FYSIEKE-CHIRURGISCHE BEHANDELINGEN
Ze bestaan uit interventies gericht op het verwijderen van:
- Gezichtsangiofibromen
- Nagel vleesbomen
- De huidplaques
- De gekartelde plekken
- Reuzencel subependymale astrocytomen (SEGA)
- Nierangiomyolipomen
- Longlaesies
- De knollen van de hersenschors, die epilepsie veroorzaken
De volgende tabel geeft een overzicht van de belangrijkste therapeutische behandelingen en hun kenmerken.
diathermie
Cryotherapie
Chirurgisch verwijderen
Minimaal invasieve
JEP
Lasertherapie
Chirurgisch verwijderen
JEP
Opvolging en prognose
Inleiding: de medische term follow-up verwijst naar de patiënt die, lijdend aan kanker, positief is geopereerd.
Periodieke controles worden aanbevolen voor follow-ups. Oftalmoscopie, dwz fundusonderzoek, kan ook eenmaal per jaar worden uitgevoerd.Omgekeerd vereisen neurologische, hart- en nieraandoeningen frequentere monitoring.
PROGNOSE
De evolutie van tubereuze sclerose is variabel en hangt van geval tot geval af.
Sommige patiënten vertonen milde, bijna onmerkbare symptomen.
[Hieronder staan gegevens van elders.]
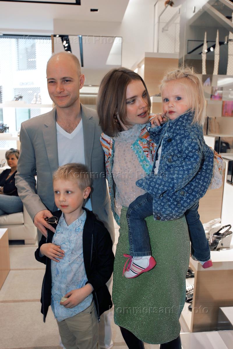 Модель Наталья Водянова (справа) с супругом художником, английским лордом Джастином Портманом (слева) и с детьми на праздновании открытия обновленного магазина "Louis Vuitton" в сотрудничестве с благотворительным Фондом "Обнаженные Сердца".
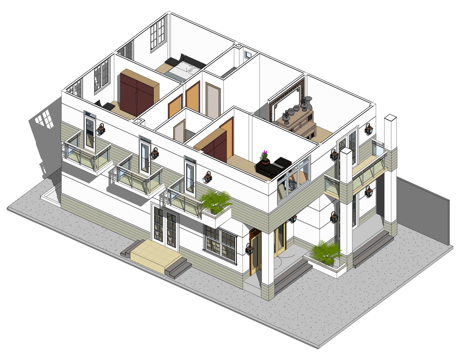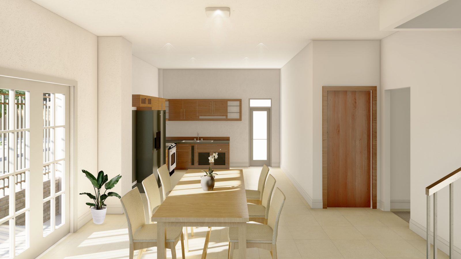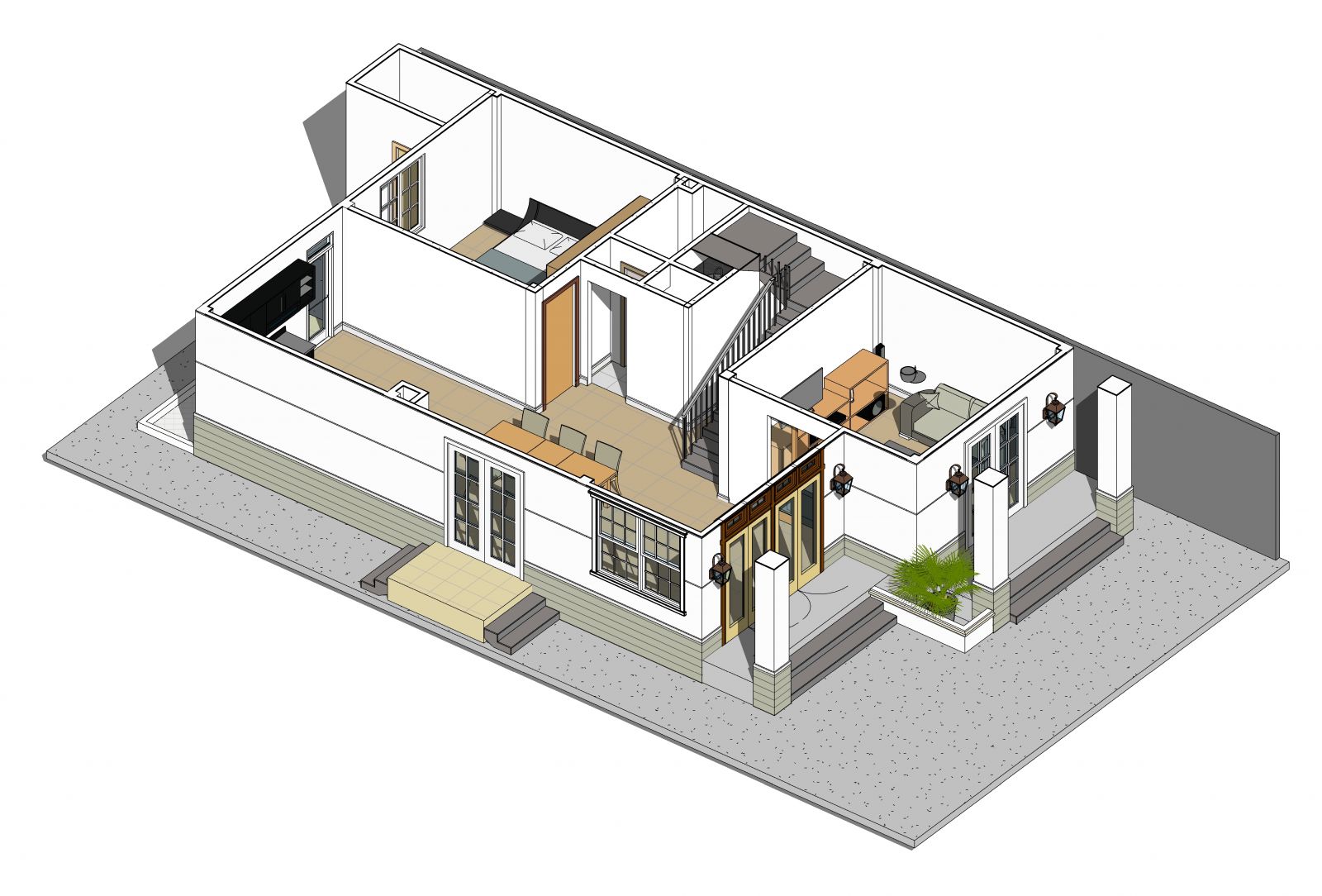 - Tầng trệt: gồm phòng khách, phòng ngủ, phòng bếp + ăn.
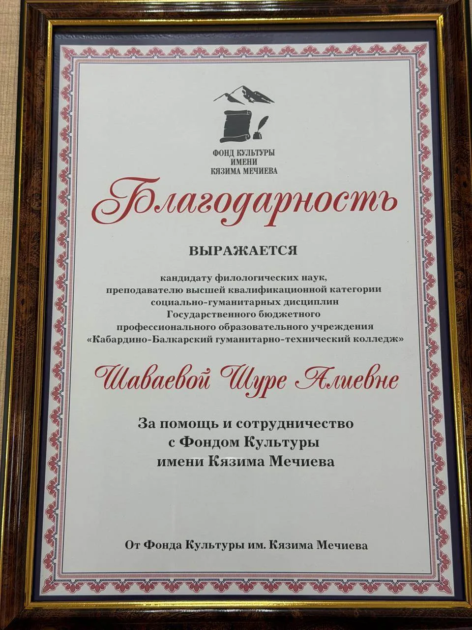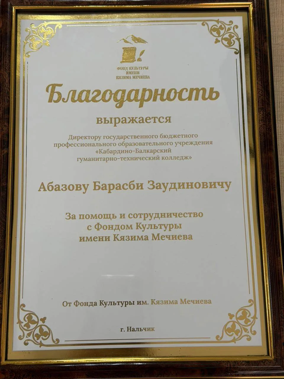 Лариса Аппаева выразила слова благодарности в адрес директора ГБПОУ «КБГТК» Барасби Заудиновича Абазова и преподавателя Шаваевой Шуры Алиевны за помощь и сотрудничество с Фондом Культуры имени Кязима Мечиева.
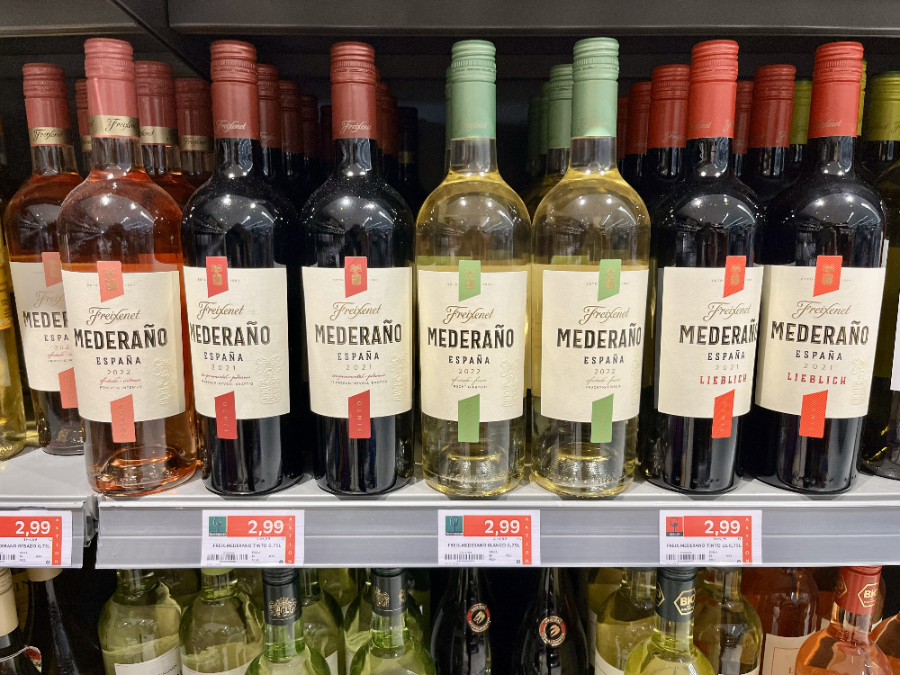 Los graneles españoles también se destinan a vinos tranquilos de venta en supermercados bajo los indicativos Vino de España o Vino de la Tierra de Castilla. Entre las marcas líderes de esta categoría se encuentran Mederaño y Mia, con más de 10 y cuatro millones de botellas anuales respectivamente. Propiedad de Freixenet, ambas se embotellan en Wiesbaden a través de su filial Freixenet Vinos GmbH. Los precios de venta al público de estos y otros vinos tranquilos españoles embotellados por empresas alemanas como Peter Mertes y Rheinberg Kellerei oscilan entre 1,99 € y 4,99 €. A menudo son vinos semisecos, adaptados al gusto del consumidor alemán medio.

Bij hen wordt de kwaliteit van leven niet aangetast door de ziekte en is de prognose uitstekend.
Omgekeerd vertonen andere patiënten veel meer dramatische en duidelijke symptomen. De dood treedt voornamelijk op als gevolg van neurologische laesies, daarom wordt de prognose zeer ongunstig.
GENETISCHE ADVIES
Als een van beide ouders tubereuze sclerose heeft, is de kans dat een kind dezelfde aandoening zal erven 50%.
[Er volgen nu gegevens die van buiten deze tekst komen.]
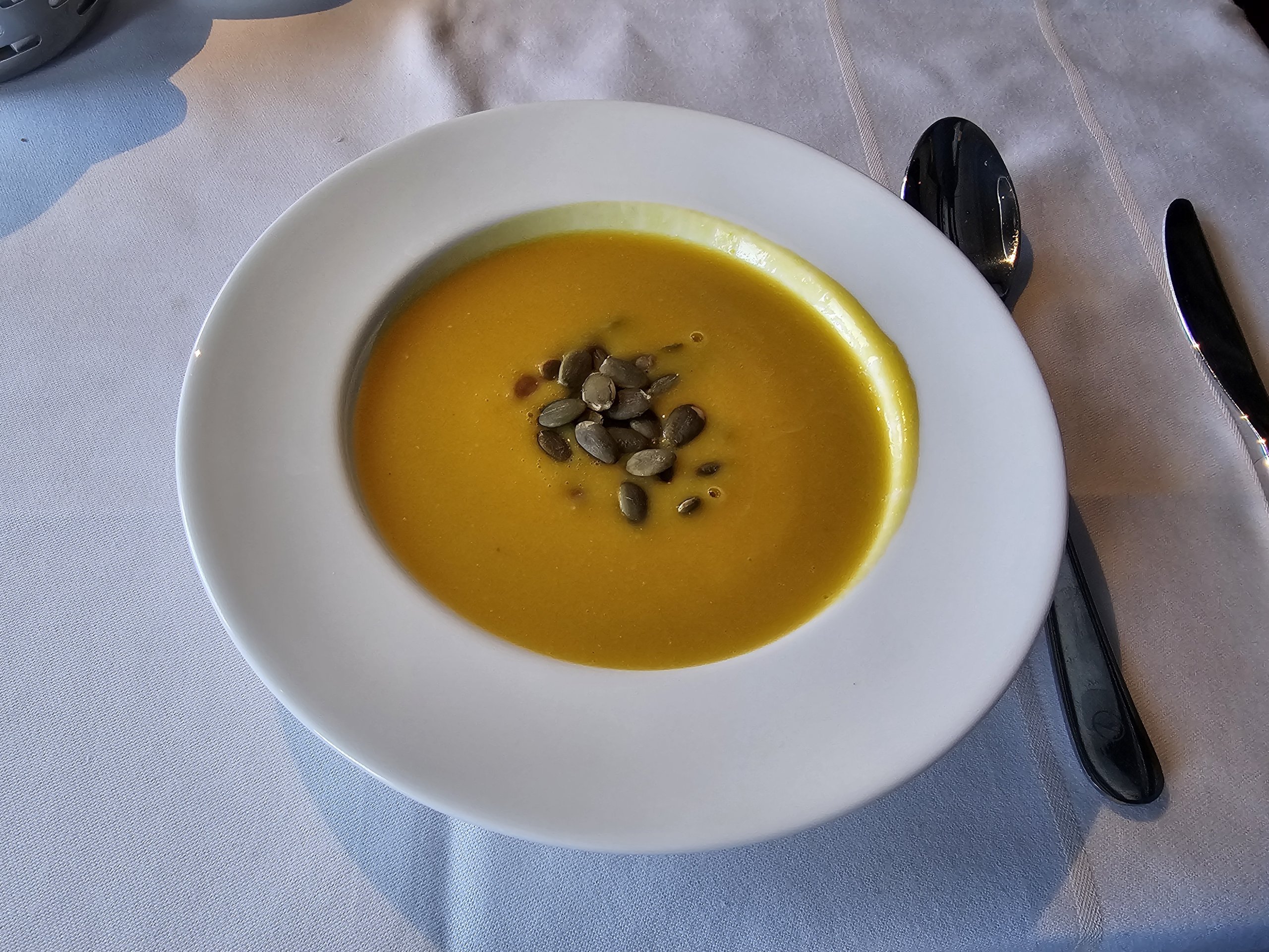 Przed posiłkiem jem świetną zupę z dyni i imbiru.
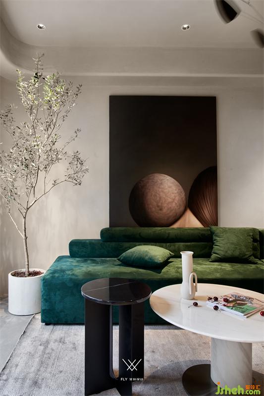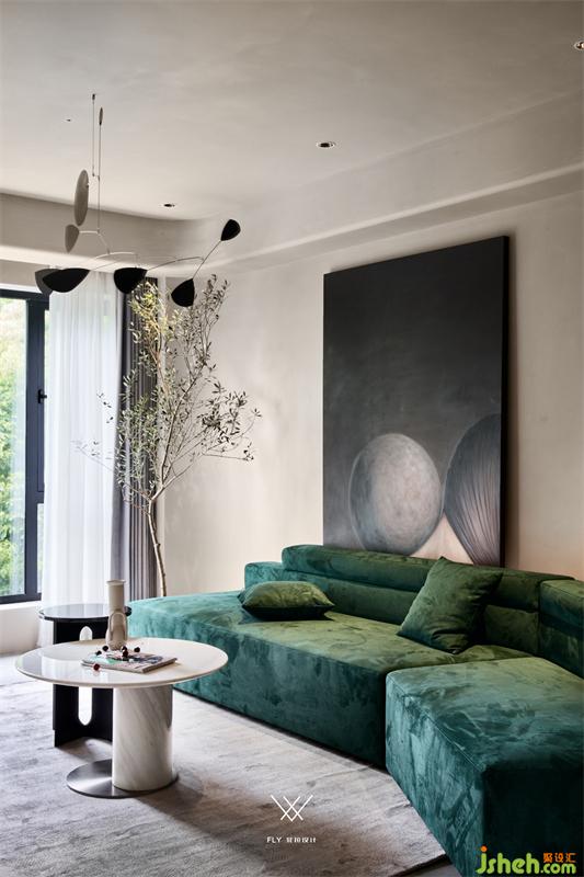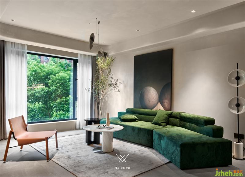 Integration of space integration, roaming and interaction of breath, green outside the window of the room, the color of the sofa, the surface of the material, and light dancing, shadow mottled, painting is also painting.

Als daarentegen een kind van gezonde ouders wordt getroffen, is de kans dat een tweede kind ziek wordt erg klein. In deze gevallen maakt een genetische test duidelijk of de ouders drager zijn van tubereuze sclerose, of dat er in plaats daarvan een spontane mutatie is opgetreden.